Work required
For every line below, restate it exactly and drop the images.

Dataset content
════════════════════

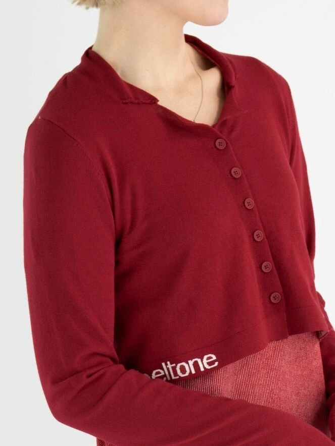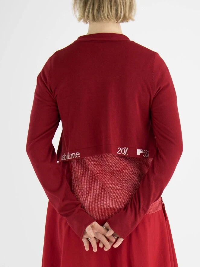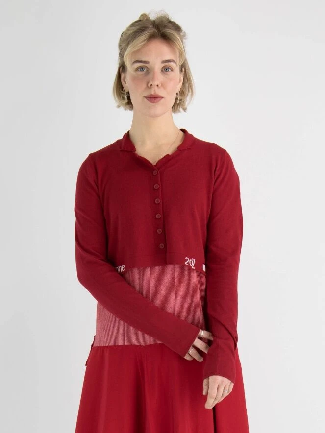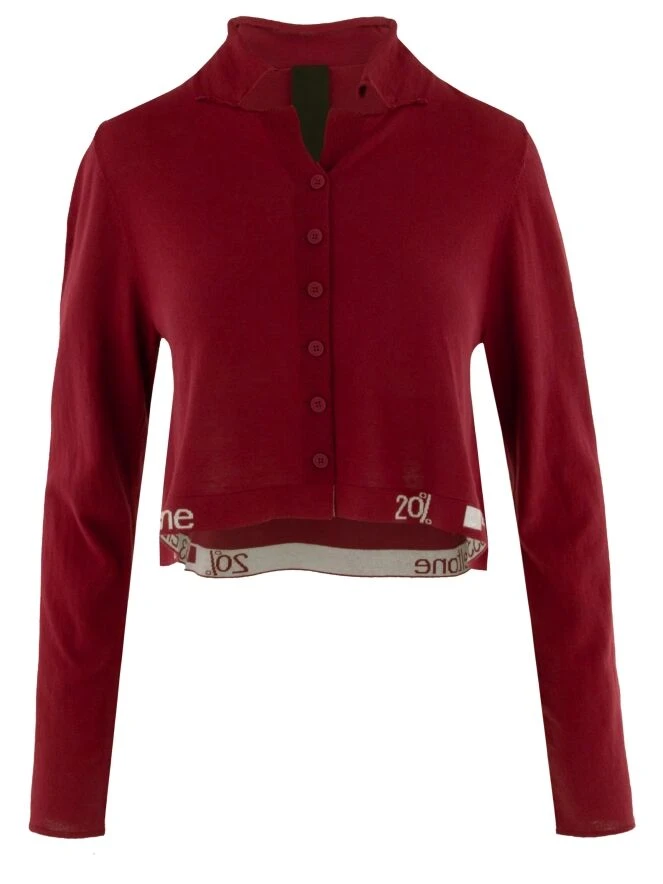 Ein kurzes Weste von Rundholz Black Label in Rot. Die Weste hat lange Ärmel, und am unteren Saum befindet sich ein weißer Buchstaben-Druck. Diese Weste kann bei 30 Grad gewaschen werden.
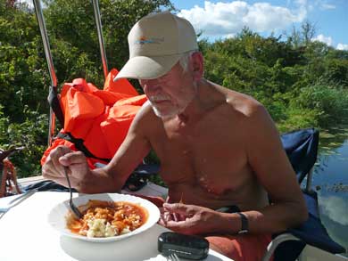 Wir legen ab, fahren 20 m ... der Motor stirbt ab. Anlassen, es tuckert,
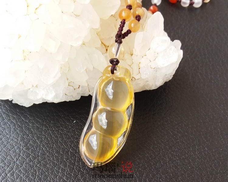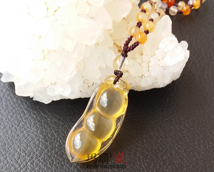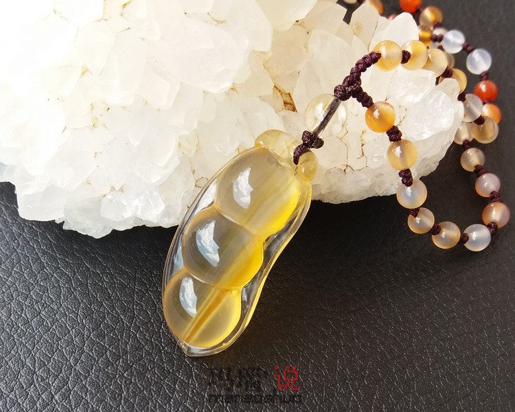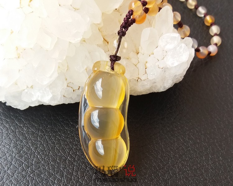 【玛瑙说】马料高冰荧光黄玛瑙吊坠女福豆四季豆 纯天然原色无烧
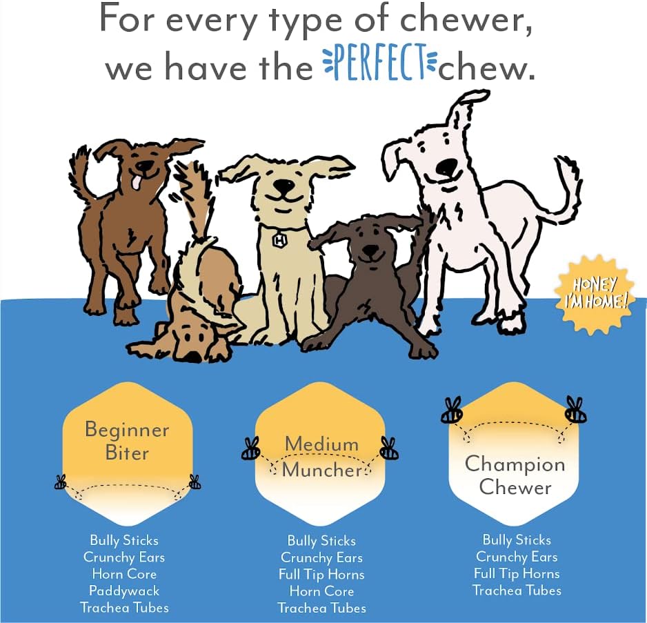 Our Bully Sticks provide a protein-rich and satisfying chewing experience that dogs absolutely adore! Made with simple, easy-to-understand ingredients like buffalo pizzle and honey, these treats not only taste great but also offer excellent digestibility. As your dog chews, the action helps promote healthy teeth and gums, making them an ideal treat for dental health. Coated in sweet honey, these energy-packed chews are sure to keep your pup happy and engaged, providing both enjoyment and nutritional benefits.

════════════════════

Answer section
 Ein kurzes Weste von Rundholz Black Label in Rot. Die Weste hat lange Ärmel, und am unteren Saum befindet sich ein weißer Buchstaben-Druck. Diese Weste kann bei 30 Grad gewaschen werden.
 Wir legen ab, fahren 20 m ... der Motor stirbt ab. Anlassen, es tuckert,
 【玛瑙说】马料高冰荧光黄玛瑙吊坠女福豆四季豆 纯天然原色无烧
 Our Bully Sticks provide a protein-rich and satisfying chewing experience that dogs absolutely adore! Made with simple, easy-to-understand ingredients like buffalo pizzle and honey, these treats not only taste great but also offer excellent digestibility. As your dog chews, the action helps promote healthy teeth and gums, making them an ideal treat for dental health. Coated in sweet honey, these energy-packed chews are sure to keep your pup happy and engaged, providing both enjoyment and nutritional benefits.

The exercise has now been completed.